DataViz Makeover 1 - Singapore Labour Force

A data visualization makeover and a Tableau tutorial for beginners.

Gabriella Pauline Djojosaputro https://www.linkedin.com/in/gabriellapauline/ (School of Information Systems, Singapore Management University)https://smu.edu.sg
01-30-2021

This will be quite a long post, so feel free to jump to the section that you are interested in.

1. Introduction

We are living in a world that is constantly producing a vast amount of data, and data visualisation helps us to understand the data better. However, a poor visualisation can be of little value, or even misleading. Visual analytics is not just about creating a pretty chart, but it is the marriage of data analytics and visualizations that aims to detect the expected and discover the unexpected.

This post will makeover Chart 6: Resident Labour Force by age group from page 22 of Labour Force in Singapore 2019 Report.

2. Original Visualisation Evaluation

To start, we examine the original visualisation from the data (Figure 1) to learn what we can improve.
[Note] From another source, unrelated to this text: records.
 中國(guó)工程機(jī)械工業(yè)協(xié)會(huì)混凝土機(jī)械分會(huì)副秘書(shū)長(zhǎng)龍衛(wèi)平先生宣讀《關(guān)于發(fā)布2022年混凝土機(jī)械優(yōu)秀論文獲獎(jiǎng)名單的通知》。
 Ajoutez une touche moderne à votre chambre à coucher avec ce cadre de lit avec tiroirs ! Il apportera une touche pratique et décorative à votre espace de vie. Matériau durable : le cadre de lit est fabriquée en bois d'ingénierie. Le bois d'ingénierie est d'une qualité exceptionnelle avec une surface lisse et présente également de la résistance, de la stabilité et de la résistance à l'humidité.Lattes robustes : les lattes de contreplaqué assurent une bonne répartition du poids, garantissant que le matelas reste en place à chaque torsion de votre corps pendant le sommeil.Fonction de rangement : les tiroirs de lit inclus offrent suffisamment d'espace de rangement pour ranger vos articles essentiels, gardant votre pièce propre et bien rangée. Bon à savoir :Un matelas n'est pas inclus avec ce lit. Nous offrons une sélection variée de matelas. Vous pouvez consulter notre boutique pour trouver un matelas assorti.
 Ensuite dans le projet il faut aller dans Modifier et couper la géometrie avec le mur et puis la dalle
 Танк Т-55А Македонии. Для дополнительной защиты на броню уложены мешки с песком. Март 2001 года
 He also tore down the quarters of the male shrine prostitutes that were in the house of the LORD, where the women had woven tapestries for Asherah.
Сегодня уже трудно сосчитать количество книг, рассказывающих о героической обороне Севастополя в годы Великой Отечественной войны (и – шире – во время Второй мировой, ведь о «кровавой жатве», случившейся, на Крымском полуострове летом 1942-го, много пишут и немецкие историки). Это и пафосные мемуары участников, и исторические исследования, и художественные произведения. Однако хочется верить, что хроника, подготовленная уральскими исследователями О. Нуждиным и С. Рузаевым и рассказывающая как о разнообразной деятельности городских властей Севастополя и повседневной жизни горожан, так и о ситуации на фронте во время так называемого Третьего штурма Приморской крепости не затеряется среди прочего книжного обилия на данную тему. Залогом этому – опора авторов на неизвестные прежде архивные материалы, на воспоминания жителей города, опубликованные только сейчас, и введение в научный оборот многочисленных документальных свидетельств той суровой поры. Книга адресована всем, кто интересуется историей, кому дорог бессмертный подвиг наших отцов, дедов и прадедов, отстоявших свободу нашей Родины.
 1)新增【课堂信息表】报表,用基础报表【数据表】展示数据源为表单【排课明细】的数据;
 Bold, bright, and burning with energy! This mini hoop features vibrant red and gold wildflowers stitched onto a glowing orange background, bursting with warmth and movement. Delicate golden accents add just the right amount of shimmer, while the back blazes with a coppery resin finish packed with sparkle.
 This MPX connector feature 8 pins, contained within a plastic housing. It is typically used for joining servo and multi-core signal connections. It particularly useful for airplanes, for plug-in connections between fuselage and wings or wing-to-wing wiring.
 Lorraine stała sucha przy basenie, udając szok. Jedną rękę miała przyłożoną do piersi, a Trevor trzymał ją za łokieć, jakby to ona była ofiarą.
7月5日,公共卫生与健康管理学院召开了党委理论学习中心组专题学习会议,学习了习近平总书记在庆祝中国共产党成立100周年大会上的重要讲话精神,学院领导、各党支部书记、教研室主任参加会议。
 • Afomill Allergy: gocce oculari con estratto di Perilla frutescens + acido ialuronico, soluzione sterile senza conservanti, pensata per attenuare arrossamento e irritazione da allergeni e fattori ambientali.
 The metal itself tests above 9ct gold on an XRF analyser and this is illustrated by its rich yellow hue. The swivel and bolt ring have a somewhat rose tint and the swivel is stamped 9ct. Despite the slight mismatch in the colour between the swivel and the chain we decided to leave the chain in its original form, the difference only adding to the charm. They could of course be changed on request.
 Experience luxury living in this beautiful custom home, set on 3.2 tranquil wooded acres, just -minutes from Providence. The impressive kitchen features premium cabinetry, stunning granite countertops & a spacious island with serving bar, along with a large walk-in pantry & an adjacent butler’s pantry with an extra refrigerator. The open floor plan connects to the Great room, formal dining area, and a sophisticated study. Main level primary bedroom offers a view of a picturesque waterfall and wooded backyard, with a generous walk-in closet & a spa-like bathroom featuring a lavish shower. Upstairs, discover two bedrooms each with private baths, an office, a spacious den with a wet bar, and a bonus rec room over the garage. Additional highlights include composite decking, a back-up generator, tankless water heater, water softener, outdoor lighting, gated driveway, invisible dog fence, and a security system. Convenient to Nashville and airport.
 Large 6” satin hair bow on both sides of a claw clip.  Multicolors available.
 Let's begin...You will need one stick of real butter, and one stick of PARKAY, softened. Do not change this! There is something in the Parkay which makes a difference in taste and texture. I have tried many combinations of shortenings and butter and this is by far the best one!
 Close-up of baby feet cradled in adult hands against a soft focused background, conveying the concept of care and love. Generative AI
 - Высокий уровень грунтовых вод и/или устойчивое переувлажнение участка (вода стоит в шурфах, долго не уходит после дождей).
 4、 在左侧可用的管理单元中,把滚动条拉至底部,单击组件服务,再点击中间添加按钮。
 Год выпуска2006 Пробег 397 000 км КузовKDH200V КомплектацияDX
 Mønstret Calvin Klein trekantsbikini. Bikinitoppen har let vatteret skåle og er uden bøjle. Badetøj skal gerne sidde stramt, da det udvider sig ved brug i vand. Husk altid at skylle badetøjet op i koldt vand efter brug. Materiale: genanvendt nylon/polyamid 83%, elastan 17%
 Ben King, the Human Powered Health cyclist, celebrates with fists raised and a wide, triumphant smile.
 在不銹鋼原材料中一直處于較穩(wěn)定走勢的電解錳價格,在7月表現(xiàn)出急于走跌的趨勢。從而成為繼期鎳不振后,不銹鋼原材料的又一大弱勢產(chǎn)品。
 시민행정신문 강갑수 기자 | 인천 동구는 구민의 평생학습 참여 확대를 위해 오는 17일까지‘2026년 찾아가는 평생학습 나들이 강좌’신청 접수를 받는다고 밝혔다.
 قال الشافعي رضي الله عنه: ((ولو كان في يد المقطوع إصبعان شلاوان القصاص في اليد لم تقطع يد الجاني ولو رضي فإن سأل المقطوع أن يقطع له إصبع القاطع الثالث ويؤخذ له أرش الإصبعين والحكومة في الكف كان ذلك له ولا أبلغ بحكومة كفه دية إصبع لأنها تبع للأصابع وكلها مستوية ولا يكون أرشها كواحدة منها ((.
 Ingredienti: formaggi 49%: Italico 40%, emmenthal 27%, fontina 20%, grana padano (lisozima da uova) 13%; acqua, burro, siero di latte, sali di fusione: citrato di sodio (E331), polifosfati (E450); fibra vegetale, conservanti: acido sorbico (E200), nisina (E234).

The critiques are given in terms of clarity and aesthetics.

Figure 1. Original chart from Labour Force in Singapore 2019 Report

2.1 Clarity

To keep:

  1. Usage of colours are consistent. All 2009 data uses grey colour, while 2019 data uses blue.
  2. Useful annotations such as reference lines and labels for the median are added.
  3. Source of the data is listed.

To be improved:

  1. Poor choice of chart gives the impression that they are comparing the distribution of age in two categories, for example the age distribution in male and female residents. To represent how values change over time, line chart is a better choice than histogram.
  2. It is difficult to see the values of the data points in the chart. The graph does not have axis and thus we need to depend on the labels to see the actual value of each data point. However, these labels are put below the chart as a table, and not on the chart itself.
  3. The only place where it is mentioned that the values are in percentage is in the subtitle, which is also in an awkward place. It might be better to use the ‘%’ suffix in the value labels.
  4. There is an inconsistency between the statement and the chart. While the statement mentions a decline in 25 - 54 age group as well as an increase in 55 & over age group, the readers are not able to find the values on the chart itself. These are a summation of multiple categories from the chart and the readers must manually sum the numbers together to get the the values mentioned in the statement.
  5. The statement mentioned rise of Labour Force Participation Rate (LFPR) and population size per age group, but the chart also does not have any reference to LFPR or population size per age group.

2.2 Aesthetics

To keep:

  1. The choice of colours are easy on the eye and looks elegant.
  2. The chart has a nice font selection that is easy to read and not unnecessarily embellished.
  3. There is no distracting grid lines.

To be improved:

  1. The chart is not exported in good quality. It is quite pixelated, even in the original report.
  2. Using a very short subtitle ‘Per Cent’ creates an awkward empty space above the chart. It would be better to add it to the title, or omit the subtitle altogether.
  3. Although the report uses a white background, the chart has a grey background colour. Background colour is an unnecessary non data-ink which does not add value in helping to understand the data better.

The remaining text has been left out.